Dans ces conditions, les Girondins demandaient qu’on déclarât la guerre. Ils soutenaient qu’il valait mieux prendre les devants : c’était ce que nous appelons une guerre préventive. Ils prétendaient aussi que la guerre obligerait le roi à prendre publiquement parti, à leur livrer le gouvernement ou à manifester sa trahison : c’était ce que nous appelons faire de la guerre une manœuvre de politique intérieure. Cette guerre, ils la croyaient d’ailleurs facile parce que, la Révolution ayant trouvé de l’écho dans les pays voisins, ils se figuraient que l’apparition des soldats français et du drapeau tricolore susciterait partout l’insurrection contre les rois et les nobles. Ils voyaient déjà l’Europe organisée en états libres qui se fédéreraient pour assurer la paix universelle.

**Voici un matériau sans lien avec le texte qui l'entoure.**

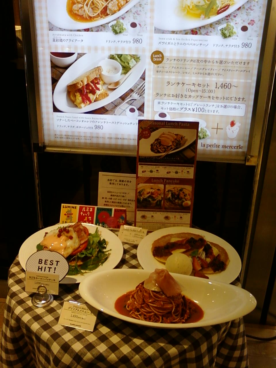 ここのラ・プチ・メルスリーさんは、新宿駅東口に隣接している、ルミネエストの二階にあります。エスカレーターの脇にのほうに壁脇に横に並ぶように席があるお店で、カップケーキの専門店と言っていいのでしょうか?500円台で少し高めですが、とってもかわいらしいケーキがたくさん店頭に並んでいます。ランチメニューはそれでも結構リーズナブルで、ドリンクやサラダがついて980円であるのが良いですね。女性にとっても人気のお店です。

Pour mon compte, je ne saurais accabler la mémoire des Girondins. S’ils se sont fait de grandes illusions, on ne peut oublier que la nation révolutionnaire les a partagées. Nous voyons aujourd’hui l’imprudence ; j’admire toutefois ceux qui se sentent certains que l’enthousiasme juvénile de la Révolution ne les aurait pas alors entraînés.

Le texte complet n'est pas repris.